Sound Mixing - Deku's Tree of Art

Sound on the Gameboy Advance
Day 2

Howdy, and welcome to day 2 of the sound tutorial. In day 1, we learned how to play sounds, and how to set up a sound buffer system on the GBA. Today, we'll be putting that buffer to use with a mixer capable of playing sounds at different volumes and frequencies.

1. Volume
2. Resampling
3. Mixing

Example project

1. Volume

This is a no-brainer, but still it deserves a word. Changing volume is done by a straight fixed-point multiply.

newSample = oldSample * volume / volumeLevels;

volumeLevels will of course be a multiple of 2, so we can use bitshifting to prevent the divide. Practically all tracker music formats use 64 levels, so we will too. Then the volume formula becomes

newSample = oldSample * volume >> 6;

Much nicer. Customarily, you never boost a sound's amplitude higher than the original. You can do it, but then you'll get overflow all over the place, unless your sample never goes all the way up or down to the maximum values, and then you're wasting accuracy that could give you a better quality sample. Amplifying a sound to use the full range is called normalizing, and can be done with ModPlug tracker. Then you can set the volume back down to make it sound like it did before, or set it to full volume and have it back up as high as you ever could have without overflowing. Thus, volume higher than the original wouldn't do you much good.

2. Resampling

Also known as changing the pitch. If you've ever written a program to scale a bitmap, you know how to do this. In fact, it's even easier here than on a bitmap, because it's 1-dimensional.
To resample, you need to be able to advance more or less than a full sample at a time. For example, to play a sound at half its original frequency, you advance 1/2 a sample for each output sample in the buffer. To do this, you need to make your position a fixed-point variable too. You can get away with 8 bits for the fractional portion and 24 for the integer, but you can get some slightly off-pitch notes due to the lack of accuracy. I use 16.16 because it gives you plenty of accuracy, and is a nice even number, but really, you probably wouldn't ever be able to tell any difference once you get past 12 bits or so, and it doesn't make any difference code-wise. The problem with higher accuracy is that you have less range on your integer. For example, with 16.16, your integer can only get up to 65535 before it overflows. Doesn't this limit the length of your sounds to 64K, you may ask? Yes, but you can get around it. Instead of always keeping your data pointer set to the start of the data, you add the integer portion of the position onto it every mixing session, and chop the integer off the position.
That's a little more advanced though, so for the first example, we'll go in the middle and use a 12-bit fraction.
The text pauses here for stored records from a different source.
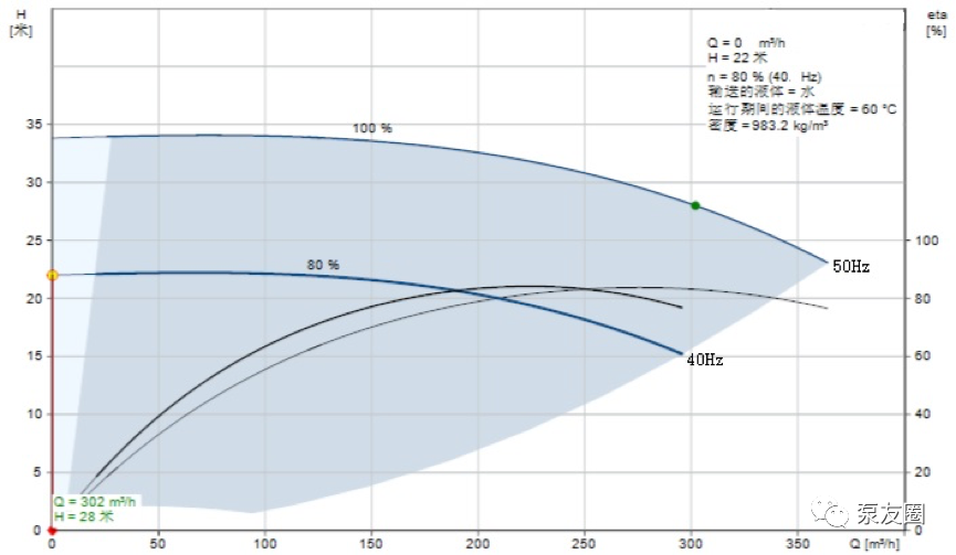 为了更好的解释,我们来举个例子阐述,某暖通系统,设计给定每台泵参数(流量:302m/h,扬程:28m),管损22m,假设实际使用参数也为此参数。根据此参数,泵选型为如下图泵,此泵经过变频计算,40Hz闭阀扬程为22m,此泵最低运行频率为40Hz。
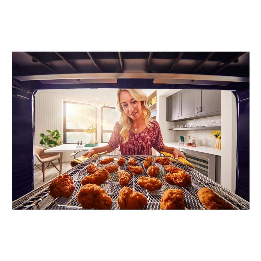 Crisp and brown with less oil and less hassle. KitchenAid Single Wall Ovens with Air Fry Mode include a dishwasher-safe air fry basket with plenty of capacity for large batches. A built-in thermometer takes the guesswork out of cooking meat, fish, poultry, casseroles and more to the perfect degree of doneness every time. When compared to deep frying.
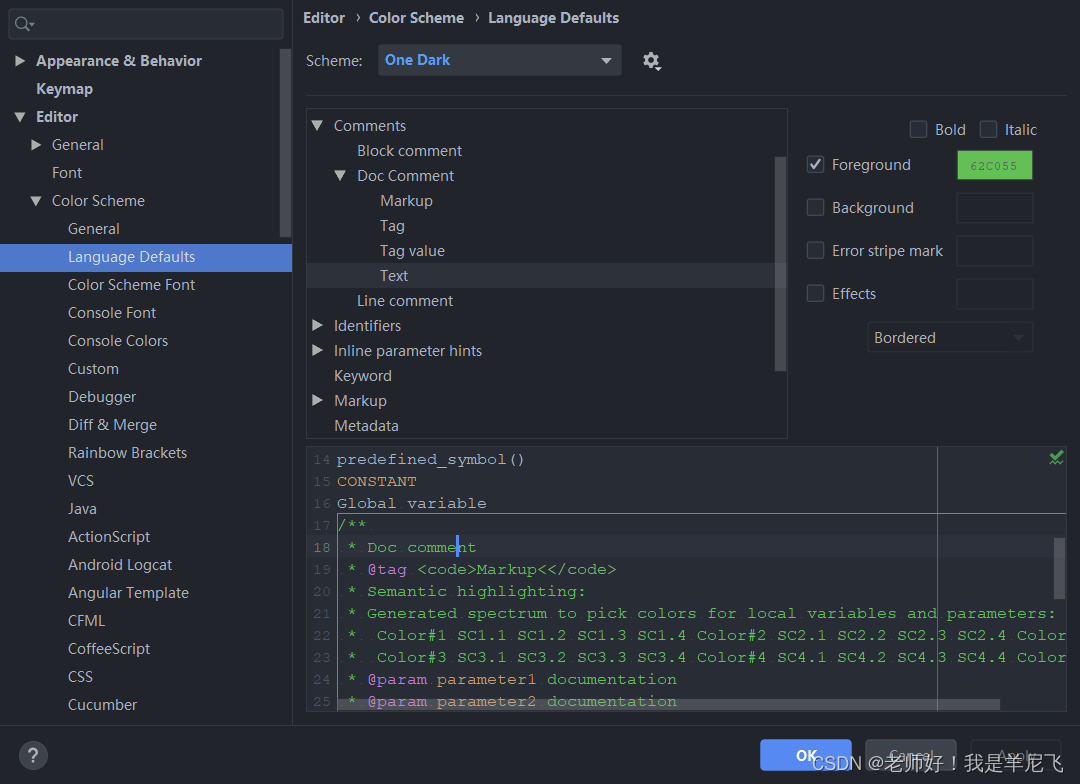 这里我用的是One Dark的主题,然后调了注释字体的颜色
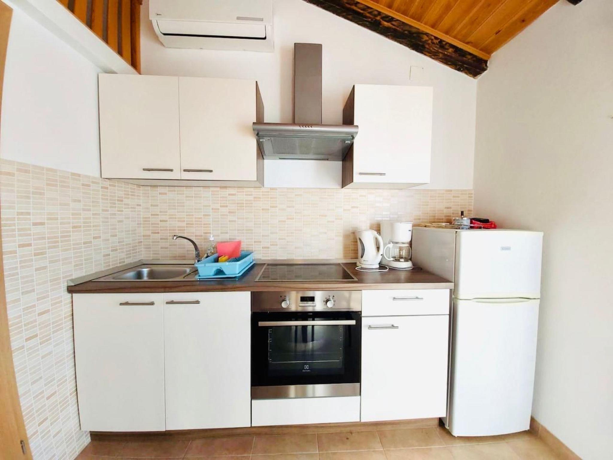 Inside, the apartment spans 50m² across two well-designed floors, providing an intimate and welcoming atmosphere for up to four guests. At its heart, the living room-kitchen area is thoughtfully equipped with a wall-mounted modern flat-screen TV with satellite channels, a dining table for four, and a kitchen unit boasting modern appliances including an oven, ceramic hob, fridge, coffee machine, and kettle. The inclusion of laminate flooring throughout adds to the apartment's warm and cozy ambiance. Ascend the somewhat steep wooden stairs to the second floor where the peaceful sleeping quarters await. Here, a comfortable double bed and an additional double bed on the sleeping gallery offer restful nights, while the modern bathroom, equipped with a shower, ensures convenience and comfort during your stay. Air conditioning units in both the kitchen and bedroom, together with free wireless Internet access (noting that reception may be weaker outside), guarantee an agreeable indoor climate and connectivity.
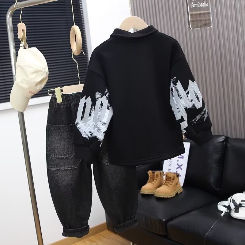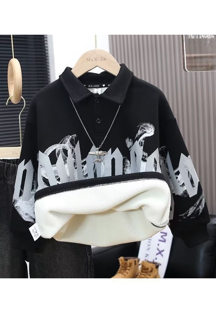 남학생 겨울 옷 큰 어린이 기모 가을 겨울 땀 2024 새로운 어린이 겨울 원피스 벨벳 탑 두꺼운 서양식스토어 가기
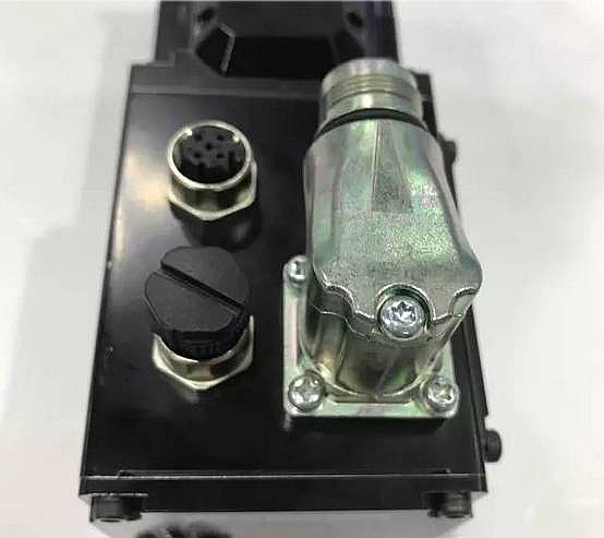 电机尾部集成的驱动器侧面,是 Σ-7F 的电气连接端口。有没有注意到,安川在此款电机上采用了高防护等级的金属连接器,这在传统的日系伺服产品中并不多见,目测这和其内部集成了驱动放大单元有很大关系。
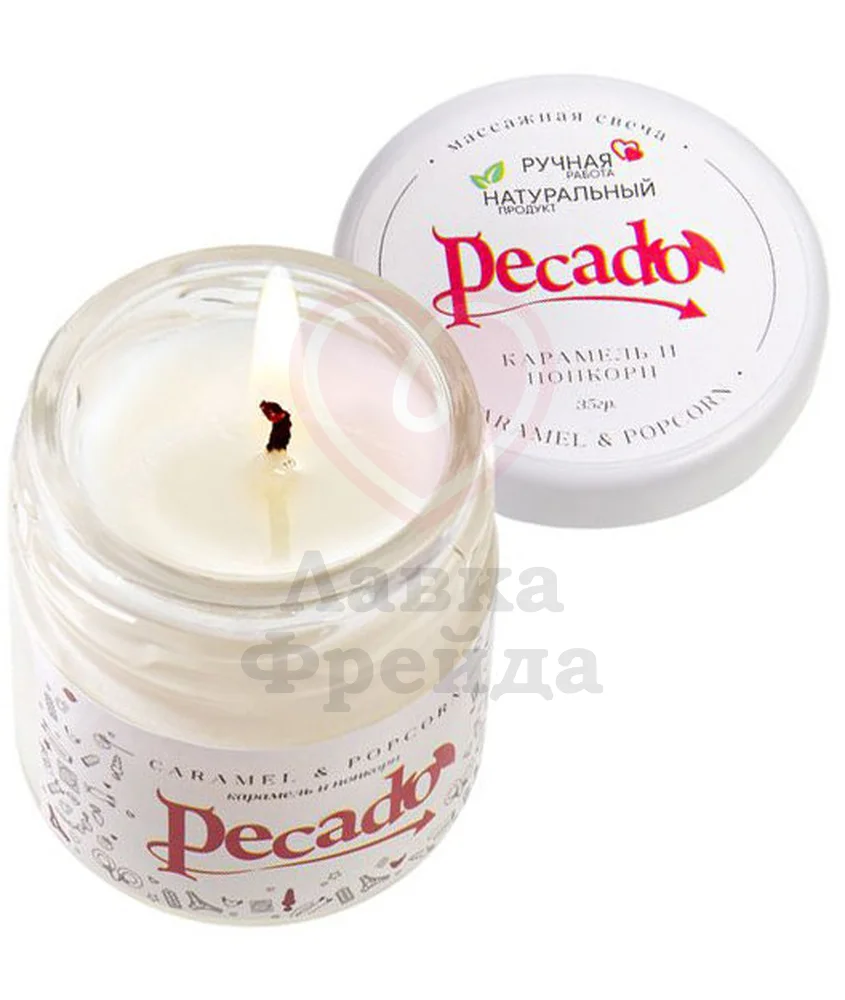 Свеча Pecado BDSM Caramel Popcorn со сладким ароматом карамели и попкорна идеально подходит для эротического массажа и чувственной прелюдии перед сексом. Чтобы использовать, свечу необходимо зажечь, подождать пока растопится немного воска, потушить пламя, а затем вылить жидкость или на тело партнера или себе в ладони.
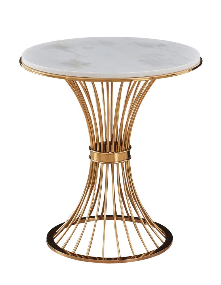 De 'Ronnenge Beistelltësch Couchtisch Schlofzëmmer Kommode Dëscher Konsol' ass en elegante Miwwelstéck dat a jiddwer Interieur opfält. Mat sengen Maßen vun ongeféier 46,8 cm Längt, 54 cm Héicht an 46,8 cm Déift, bitt dësen Dësch genuch Plaz fir Stil a Funktionalitéit an engem harmonesche Ganzen ze verbannen. De Materialmix aus engem Aarbechtsplack aus Marmor Imitatioun a Been aus Stol suergt fir eng robust a gläichzäiteg raffinéiert Erscheinung. Dësen Dësch passt perfekt an all Raum a bréngt e modernen a stilvollen Touch mat sech.

That leaves 20 bits of integer, so you can have sounds up to 1MB, which should be plenty most of the time.
Expanding on the example from last time, here's now to do a looping sound with resampling and volume:

typedef struct _SOUND_CHANNEL
{
   s8 *data;   // pointer to the raw sound data in ROM
   u32 pos;    // current position in the data (20.12 fixed-point)
   u32 inc;    // increment (20.12 fixed-point)
   u32 vol;    // volume (0-64, sort of 1.6 fixed-point)
   u32 length; // length of the whole sound (20.12 fixed-point)

} SOUND_CHANNEL;

SOUND_CHANNEL channel;

void SoundMix()
{
   s32 i;

   for(i = 0; i < soundVars.mixBufferSize; i++)
   {
       // copy a sample
      soundVars.curMixBuffer[i] = channel.data[ channel.pos>>12 ] * channel.vol >> 6;
      channel.pos += channel.inc;

       // loop the sound if it hits the end
      if(channel.pos >= channel.length)
      {
         channel.pos = 0;
      }
   }
}

Not too much different, but it can do a whole lot more. Don't worry about being stuck with a looping sound, we'll deal with that in a minute. First, you need to know how to properly calculate the increment value. To start off, we'll resample a sound to play at its original frequency, even though it's being mixed into the 18157Hz double buffer. Say your sound is 8000Hz, which is a little less than half of 18157. You need to know how many 8000Hz samples to advance for each 18157Hz sample. This is done by dividing the original frequency by the new one, in this case 8000/18157. Of course, you want to convert to fixed point before the division, so since we're using 12 bits of accuracy for now, that becomes (8000<<12)/18157 = 1804. That's a little less than half of 1<<12 (4096), so we can see that our formula is correct.
We won't go into playing different notes yet, but incase you're curious, all you do is use a lookup table and multiply the frequency by that.

3. Mixing

This is where 90% of your sound-related CPU time will be spent, and so, it needs to be well-optimized. But before that, it needs to work. Here would also be a good time to talk about sounds ending and NOT looping.
The reason I always had the sound loop before was so you'd always have something to copy into the buffer. If the sound ends, then you have to fill the buffer with zeroes. Not a big deal, but I didn't want to clutter the examples with it. This becomes even more of a problem when you mix several channels. You need to zero the whole buffer before filling it, so you don't have to worry about sounds ending. If you go through a whole lot of hassle, you can get around filling it unless no sounds at all are playing, but it's not worth the trouble.
Another thing about sounds ending is that you need some sort of a flag to tell if a channel is active or not. Plenty of ways to go about this. Adding a var to the channel structure, adding a bitfield with one bit per channel to the global sound vars structure, or my favorite, setting the channel's data pointer to 0. You'll never be playing a sound from a null pointer, so you can safely use it as a marker for inactive channels. This also makes things easier and ever so slightly faster, because you'd have to load and check a variable in any of those cases, but then if the channel IS active, you already have the data pointer loaded, so you don't have to load it again.
Then for looping sounds, you need to be able to set the loop position to somewhere else than the start of the sound every time. Usually the first thought is to store the loop position and then do something like

if(channel.pos >= channel.length)
   channel.pos = channel.loopStart;

While that does sort of work, it is not correct, and will sound distorted if you have a very short loop. When you're looping a sound, you want to make it seem like the looped part has just been copied and pasted past the end forever. When you set the position directly to the loop start, you lose any fractional portion of the position, and possibly even part of the integer if your increment is greater than 1 (that is, a fixed-point 1, or 1<<12 for the example). It also causes probles with that idea I mentioned earlier of updating the data pointer each frame. The solution is to instead store the LENGTH of the looped portion, and subtract that from the position when you run over. The loop length is just channel.length - channel.loopStart.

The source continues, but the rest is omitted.